“Jesús,
maestro, ten compasión de nosotros” (Lc
17, 11-19). Diez leprosos se acercan a
Jesús y le piden que “tenga compasión” de ellos y los cure: con toda seguridad,
han oído hablar de sus milagros y por eso acuden a Jesús, sabiendo que tiene el
poder de hacerlo. Jesús no los cura inmediatamente, sino cuando los leprosos se
dirigen al templo para presentarse ante los sacerdotes. En el camino, los diez
se dan cuenta de que han sido curados, pero sólo uno vuelve para dar gracias,
postrándose ante Jesús como signo de adoración y agradecimiento. La ingratitud
de los otro nueve leprosos motiva la queja de Jesús: “¿No eran diez los que
quedaron limpios? ¿Dónde están los otros nueve? ¿No ha habido nadie, fuera de
este extranjero, que volviera para dar gloria a Dios?”.
La
escena se comprende mejor todavía cuando observamos que la lepra representa al
pecado y por lo tanto, los leprosos, representan a los pecadores. En otras
palabras, en los leprosos estamos prefigurados nosotros, que somos pecadores. Jesús
ha obrado con nosotros innumerables milagros, comenzando por el milagro de quitarnos
el pecado original a través del Bautismo sacramental. Sólo por ese milagro,
deberíamos postrarnos ante Jesús Sacramentado todos los días de nuestra vida,
en acción de gracias y en adoración.

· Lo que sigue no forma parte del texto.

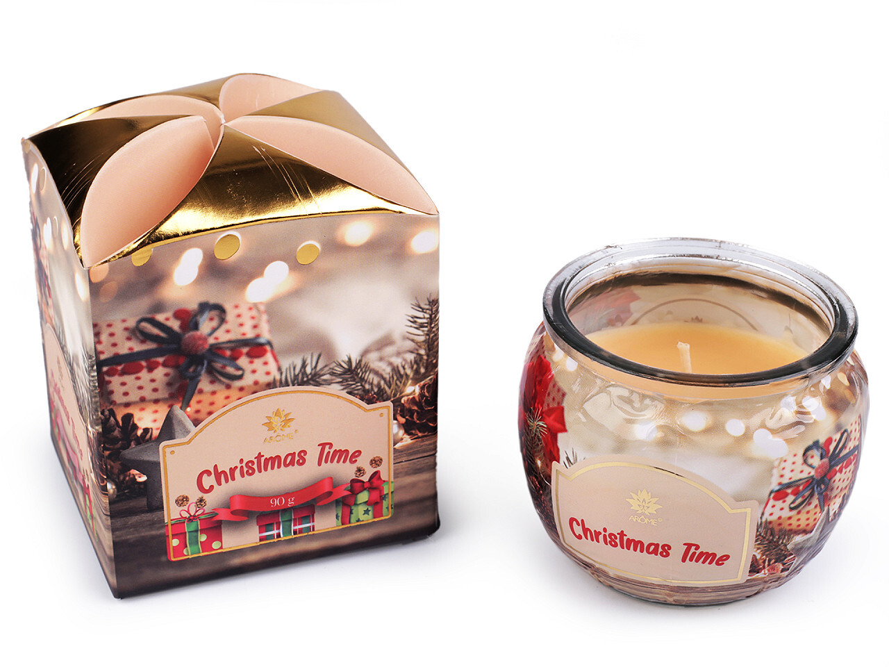 Vonná svíčka ve skle 90 g - 12 ks - 3 (Christmas Time) krémová
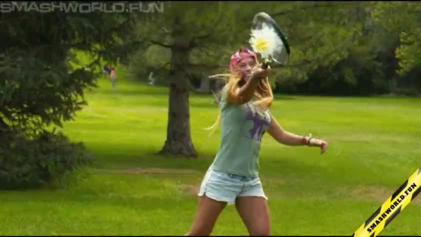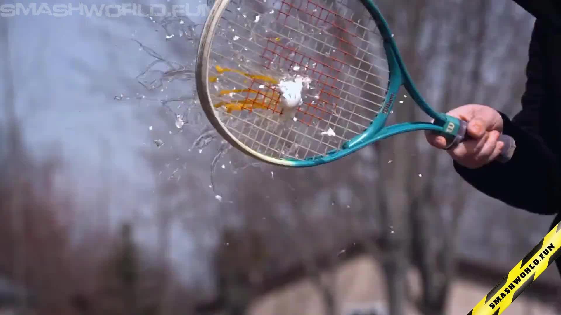 A captivating slow-motion capture of a boiled egg being struck by a tennis racket. The moment reveals the egg's shell cracking and yolk splattering in intricate detail, showcasing the delicate yet dramatic destruction in vivid clarity.
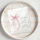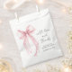 Elegant bridal shower thank you favour bags featuring a light pink watercolor of a delicate coquette bow, "with love and thanks" in a chic script, and the name of the bride and shower date in modern lettering.
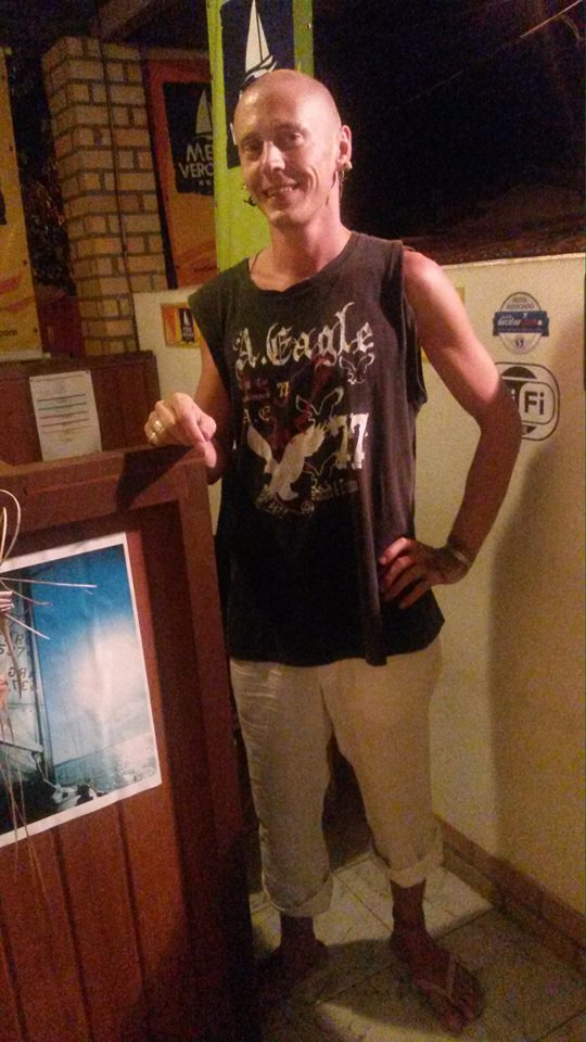 Eu conversei com ele em março deste ano, quando viajei pelo Nordeste. Ele trabalhava como recepcionista de um albergue na praia de Pipa, no Rio Grande do Norte.

Debemos preguntarnos si reconocemos los
innumerables dones, milagros y gracias que Jesús nos concede todos los días y
debemos plantearnos cómo obramos en relación a Jesús: si nos postramos en
acción de gracias y adoración ante su Presencia Eucarística –así como se postró
ante su Humanidad santísima el samaritano curado- o si en cambio somos como los
leprosos que, una vez curados, se olvidan de Jesús.